== Records to process ==

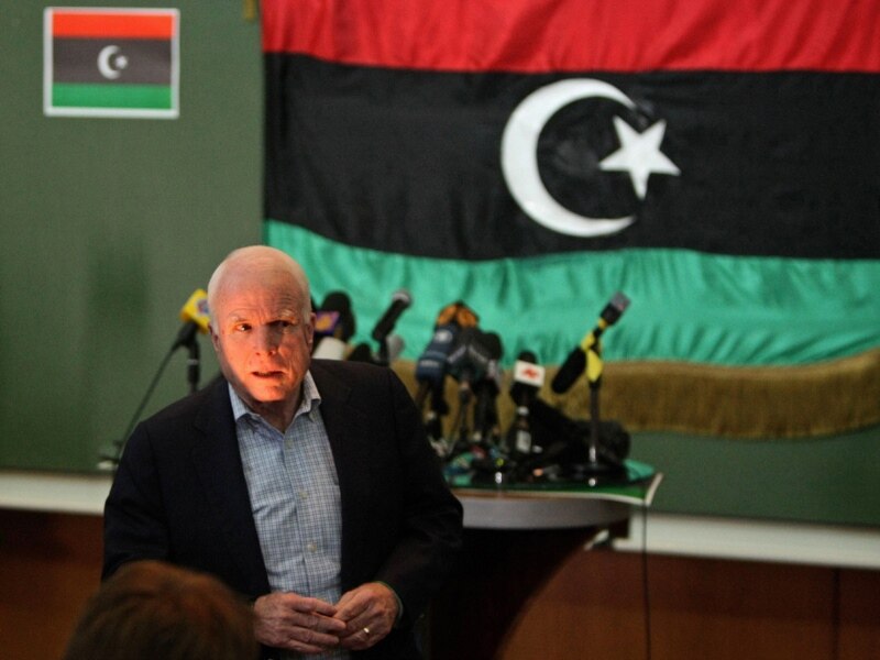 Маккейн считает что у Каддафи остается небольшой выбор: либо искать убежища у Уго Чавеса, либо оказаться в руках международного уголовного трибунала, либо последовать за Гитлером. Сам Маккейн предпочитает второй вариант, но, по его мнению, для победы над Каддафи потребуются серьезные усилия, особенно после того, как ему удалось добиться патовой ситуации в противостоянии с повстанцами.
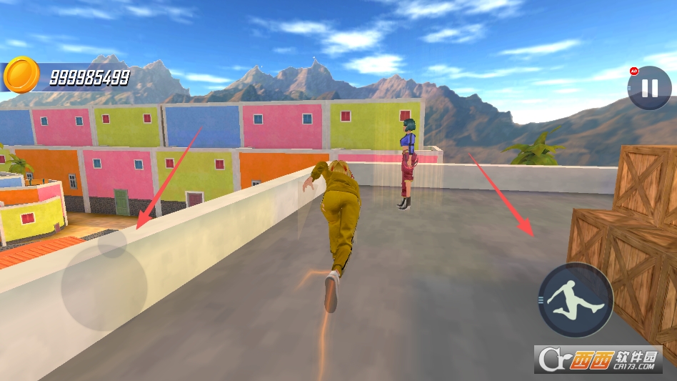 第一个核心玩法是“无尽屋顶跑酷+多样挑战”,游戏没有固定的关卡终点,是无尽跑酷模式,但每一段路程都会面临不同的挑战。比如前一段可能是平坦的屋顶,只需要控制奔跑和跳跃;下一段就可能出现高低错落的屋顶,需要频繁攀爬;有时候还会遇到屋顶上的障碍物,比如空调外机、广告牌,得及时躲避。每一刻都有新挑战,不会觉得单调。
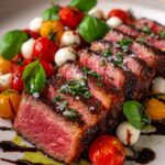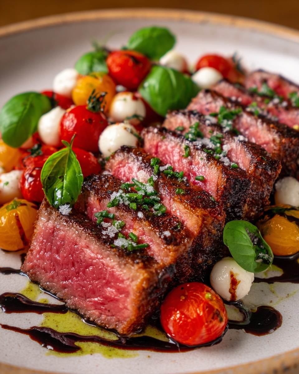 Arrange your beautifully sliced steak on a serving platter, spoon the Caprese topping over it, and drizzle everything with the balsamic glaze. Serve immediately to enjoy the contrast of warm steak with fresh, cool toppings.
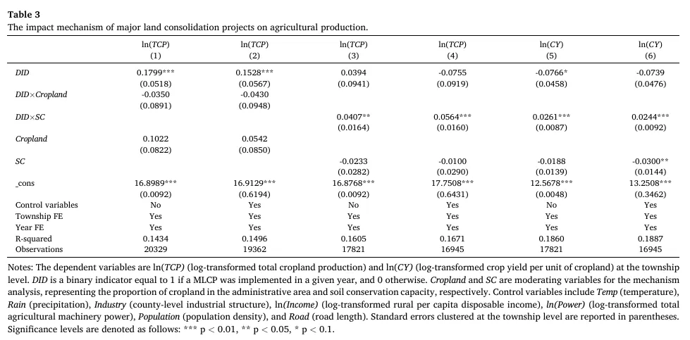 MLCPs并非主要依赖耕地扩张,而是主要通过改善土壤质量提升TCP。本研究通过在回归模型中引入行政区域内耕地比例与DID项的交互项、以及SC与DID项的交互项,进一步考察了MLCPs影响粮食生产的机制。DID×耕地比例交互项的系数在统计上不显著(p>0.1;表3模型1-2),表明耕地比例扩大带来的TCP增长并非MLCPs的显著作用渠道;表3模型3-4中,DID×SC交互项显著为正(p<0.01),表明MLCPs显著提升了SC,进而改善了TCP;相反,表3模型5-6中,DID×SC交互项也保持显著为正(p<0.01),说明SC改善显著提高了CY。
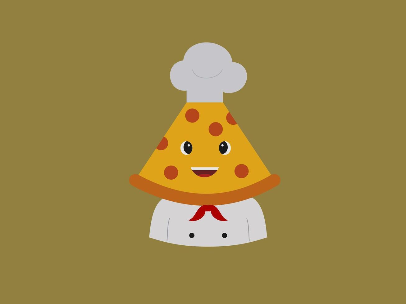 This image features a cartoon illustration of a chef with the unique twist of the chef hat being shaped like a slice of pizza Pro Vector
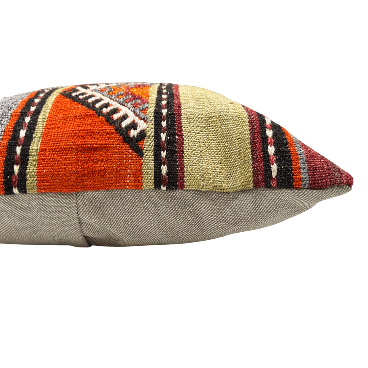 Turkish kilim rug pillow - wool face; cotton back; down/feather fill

===
== Records to process ==

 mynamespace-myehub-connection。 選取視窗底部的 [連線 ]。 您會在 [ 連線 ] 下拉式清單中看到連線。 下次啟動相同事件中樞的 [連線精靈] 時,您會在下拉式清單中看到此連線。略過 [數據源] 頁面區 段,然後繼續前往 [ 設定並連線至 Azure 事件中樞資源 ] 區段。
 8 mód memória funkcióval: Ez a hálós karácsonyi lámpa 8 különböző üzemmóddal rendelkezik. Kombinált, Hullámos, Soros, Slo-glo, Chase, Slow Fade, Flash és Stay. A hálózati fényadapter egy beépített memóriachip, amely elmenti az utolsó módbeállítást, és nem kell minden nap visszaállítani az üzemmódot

===

[Exercise instructions] Using the records above, return word for word the lines that begin at the one containing "Маккейн считает что" and end at the one containing "Turkish kilim rug", both of them included and no pictures.

[Response for this exercise]
 Маккейн считает что у Каддафи остается небольшой выбор: либо искать убежища у Уго Чавеса, либо оказаться в руках международного уголовного трибунала, либо последовать за Гитлером. Сам Маккейн предпочитает второй вариант, но, по его мнению, для победы над Каддафи потребуются серьезные усилия, особенно после того, как ему удалось добиться патовой ситуации в противостоянии с повстанцами.
 第一个核心玩法是“无尽屋顶跑酷+多样挑战”,游戏没有固定的关卡终点,是无尽跑酷模式,但每一段路程都会面临不同的挑战。比如前一段可能是平坦的屋顶,只需要控制奔跑和跳跃;下一段就可能出现高低错落的屋顶,需要频繁攀爬;有时候还会遇到屋顶上的障碍物,比如空调外机、广告牌,得及时躲避。每一刻都有新挑战,不会觉得单调。
 Arrange your beautifully sliced steak on a serving platter, spoon the Caprese topping over it, and drizzle everything with the balsamic glaze. Serve immediately to enjoy the contrast of warm steak with fresh, cool toppings.
 MLCPs并非主要依赖耕地扩张,而是主要通过改善土壤质量提升TCP。本研究通过在回归模型中引入行政区域内耕地比例与DID项的交互项、以及SC与DID项的交互项,进一步考察了MLCPs影响粮食生产的机制。DID×耕地比例交互项的系数在统计上不显著(p>0.1;表3模型1-2),表明耕地比例扩大带来的TCP增长并非MLCPs的显著作用渠道;表3模型3-4中,DID×SC交互项显著为正(p<0.01),表明MLCPs显著提升了SC,进而改善了TCP;相反,表3模型5-6中,DID×SC交互项也保持显著为正(p<0.01),说明SC改善显著提高了CY。
 This image features a cartoon illustration of a chef with the unique twist of the chef hat being shaped like a slice of pizza Pro Vector
 Turkish kilim rug pillow - wool face; cotton back; down/feather fill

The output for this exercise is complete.